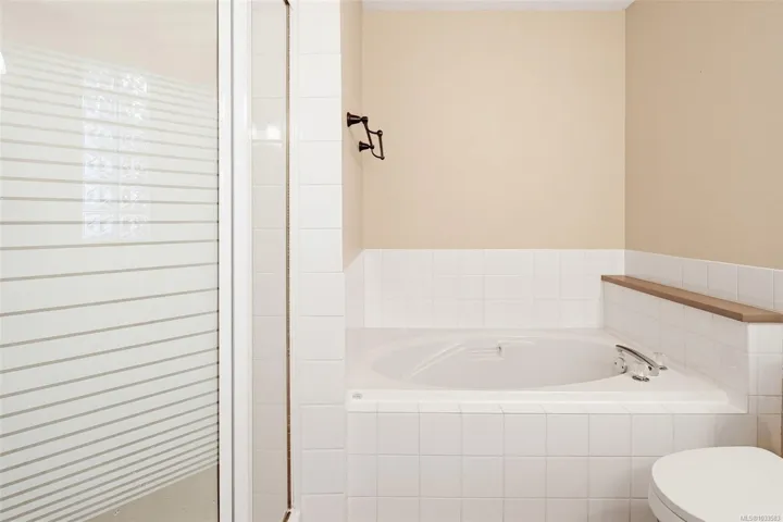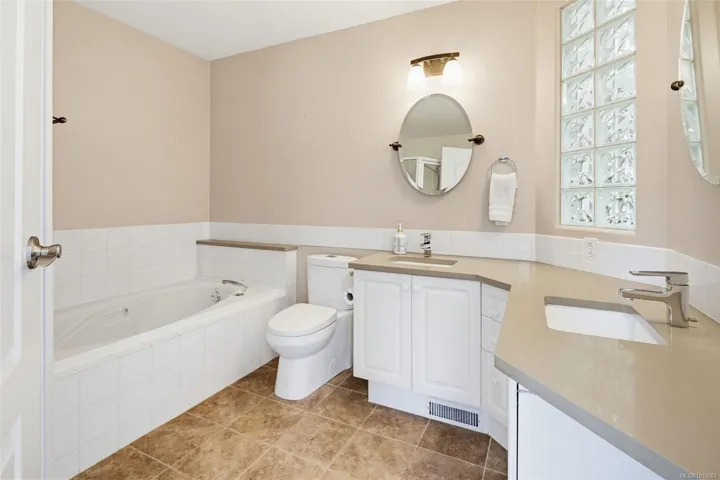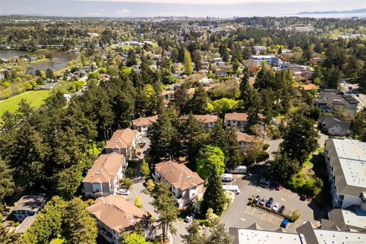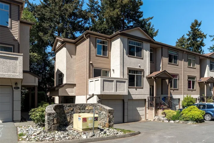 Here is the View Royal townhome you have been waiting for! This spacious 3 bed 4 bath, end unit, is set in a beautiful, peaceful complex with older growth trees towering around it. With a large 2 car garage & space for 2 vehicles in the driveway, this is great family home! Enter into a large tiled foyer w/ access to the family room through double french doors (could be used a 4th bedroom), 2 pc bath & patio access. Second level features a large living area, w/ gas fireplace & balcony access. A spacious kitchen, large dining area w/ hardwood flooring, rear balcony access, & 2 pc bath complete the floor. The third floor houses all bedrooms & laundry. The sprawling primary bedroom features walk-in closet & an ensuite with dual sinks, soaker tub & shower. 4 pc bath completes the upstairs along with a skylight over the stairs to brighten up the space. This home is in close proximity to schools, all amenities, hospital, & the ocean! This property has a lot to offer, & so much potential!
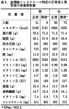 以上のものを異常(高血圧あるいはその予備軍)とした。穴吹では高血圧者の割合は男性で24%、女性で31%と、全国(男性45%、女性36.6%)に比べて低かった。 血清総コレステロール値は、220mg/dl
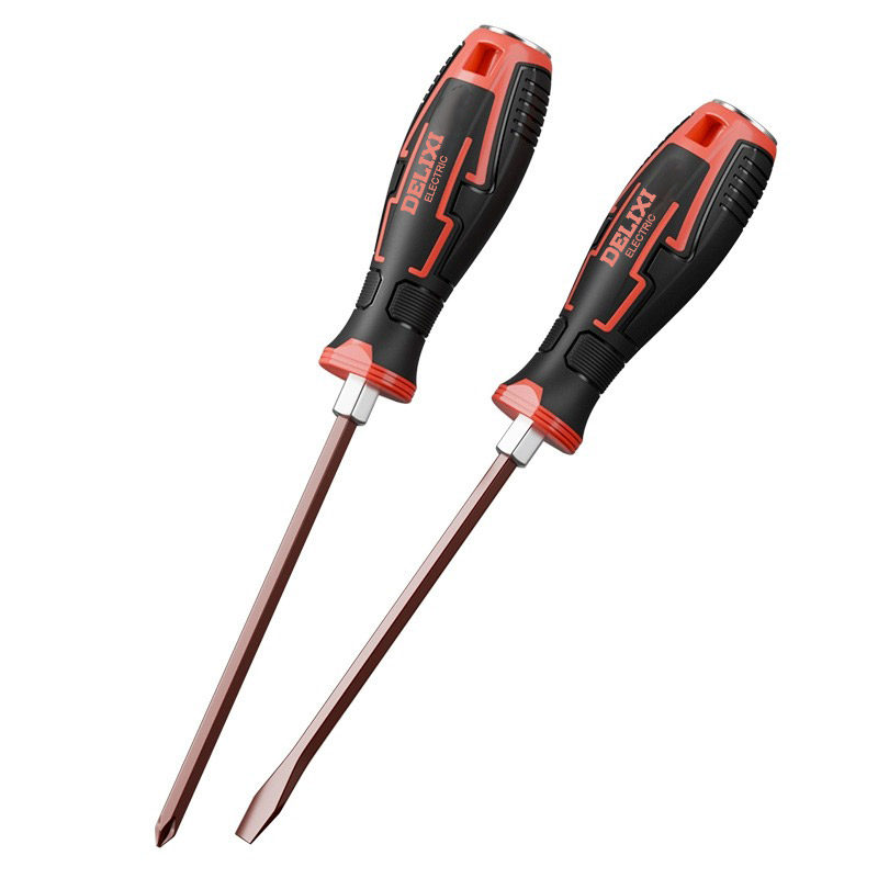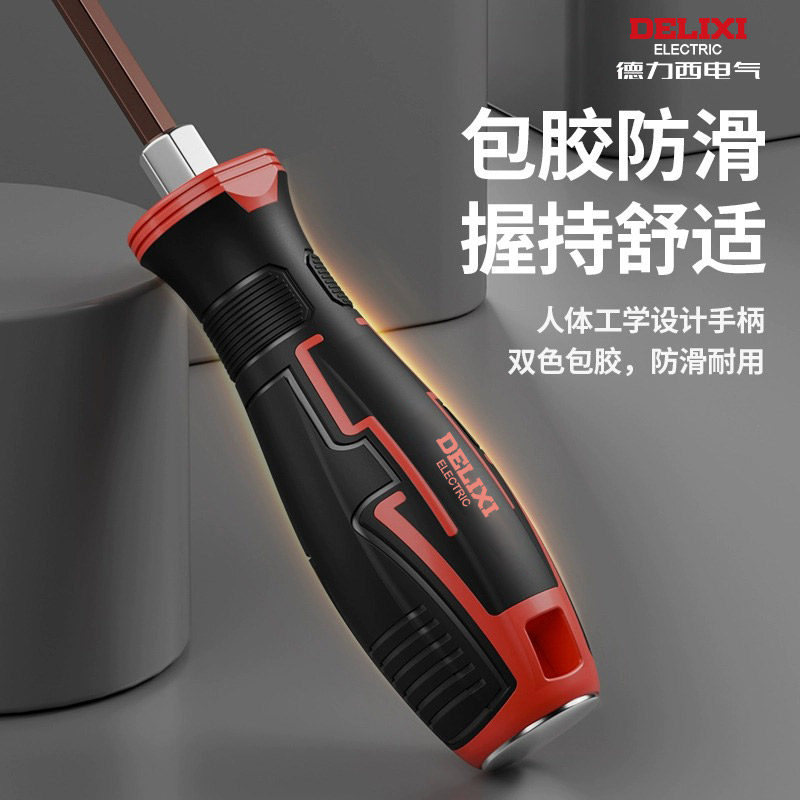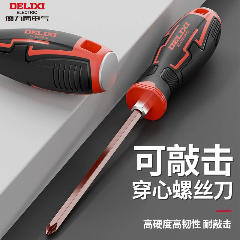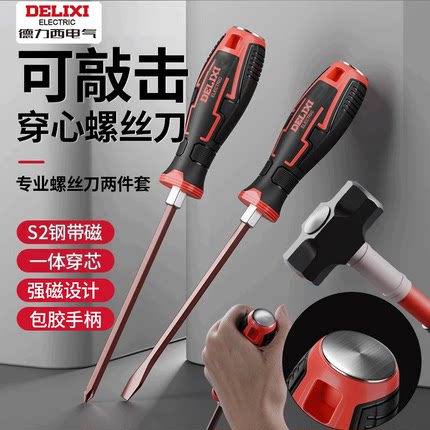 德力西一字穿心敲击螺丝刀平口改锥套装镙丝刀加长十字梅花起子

--

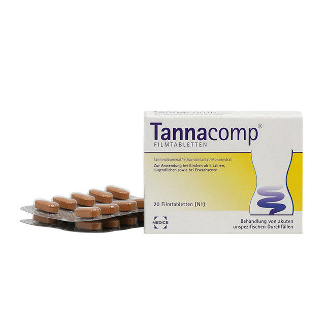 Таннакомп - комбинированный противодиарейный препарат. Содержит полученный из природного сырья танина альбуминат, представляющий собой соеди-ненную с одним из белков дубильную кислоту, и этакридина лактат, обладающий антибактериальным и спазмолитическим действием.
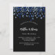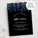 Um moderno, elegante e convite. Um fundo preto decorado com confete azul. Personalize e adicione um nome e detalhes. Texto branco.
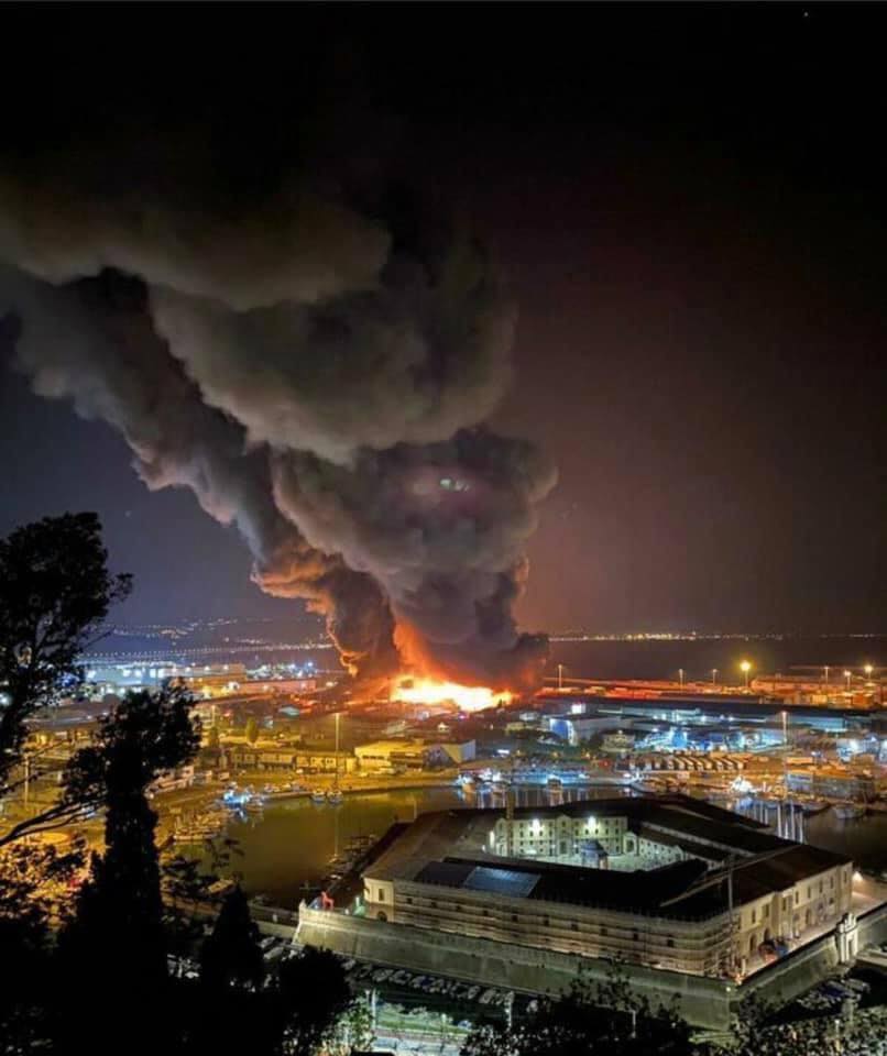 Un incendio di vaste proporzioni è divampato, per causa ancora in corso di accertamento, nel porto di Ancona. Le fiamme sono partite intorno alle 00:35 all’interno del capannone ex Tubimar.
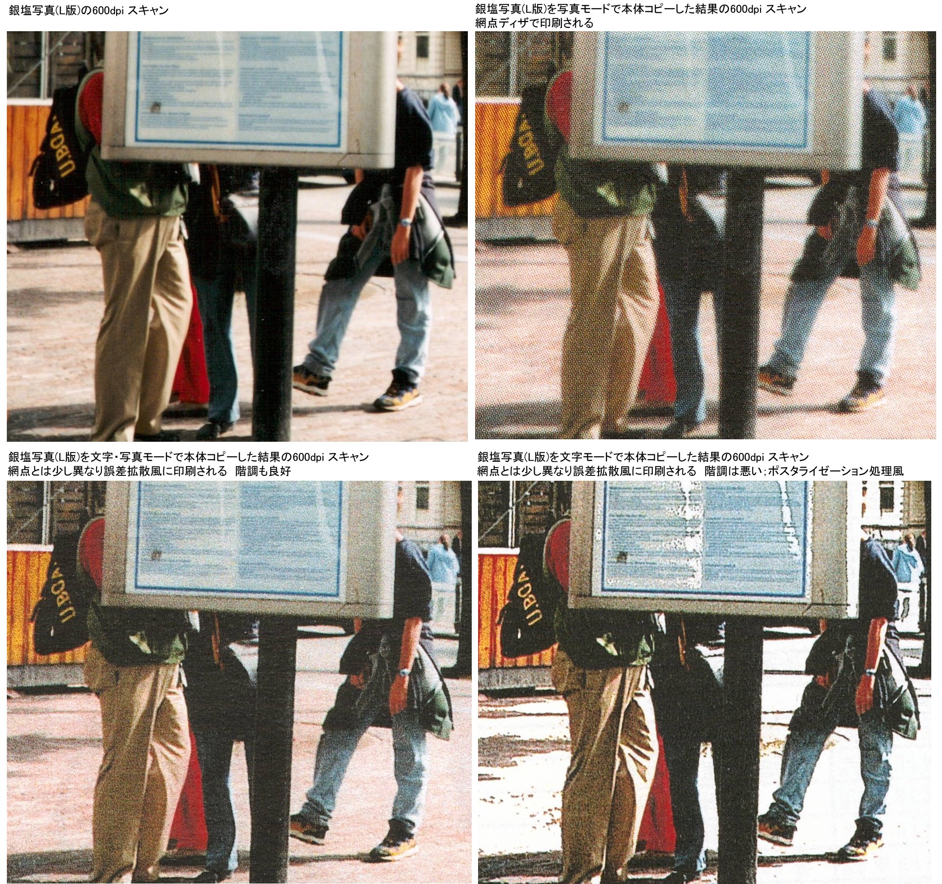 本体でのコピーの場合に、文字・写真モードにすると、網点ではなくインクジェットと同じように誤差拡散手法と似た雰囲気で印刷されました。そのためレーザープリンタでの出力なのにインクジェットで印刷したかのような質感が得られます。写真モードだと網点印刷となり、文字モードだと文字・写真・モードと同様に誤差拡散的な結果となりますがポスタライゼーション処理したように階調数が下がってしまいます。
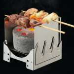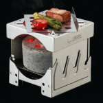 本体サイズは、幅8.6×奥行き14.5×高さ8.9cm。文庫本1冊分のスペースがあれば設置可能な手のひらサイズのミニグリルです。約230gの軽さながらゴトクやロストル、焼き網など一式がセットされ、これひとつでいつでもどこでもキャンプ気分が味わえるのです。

#### [Task goal]
Transcribe the listing above exactly, but only from the line with "Таннакомп - комбинированный" through the line with "本体サイズは、幅8.6×奥行". Include both of those lines and omit the pictures.

#### [Answer area]
 Таннакомп - комбинированный противодиарейный препарат. Содержит полученный из природного сырья танина альбуминат, представляющий собой соеди-ненную с одним из белков дубильную кислоту, и этакридина лактат, обладающий антибактериальным и спазмолитическим действием.
 Um moderno, elegante e convite. Um fundo preto decorado com confete azul. Personalize e adicione um nome e detalhes. Texto branco.
 Un incendio di vaste proporzioni è divampato, per causa ancora in corso di accertamento, nel porto di Ancona. Le fiamme sono partite intorno alle 00:35 all’interno del capannone ex Tubimar.
 本体でのコピーの場合に、文字・写真モードにすると、網点ではなくインクジェットと同じように誤差拡散手法と似た雰囲気で印刷されました。そのためレーザープリンタでの出力なのにインクジェットで印刷したかのような質感が得られます。写真モードだと網点印刷となり、文字モードだと文字・写真・モードと同様に誤差拡散的な結果となりますがポスタライゼーション処理したように階調数が下がってしまいます。
 本体サイズは、幅8.6×奥行き14.5×高さ8.9cm。文庫本1冊分のスペースがあれば設置可能な手のひらサイズのミニグリルです。約230gの軽さながらゴトクやロストル、焼き網など一式がセットされ、これひとつでいつでもどこでもキャンプ気分が味わえるのです。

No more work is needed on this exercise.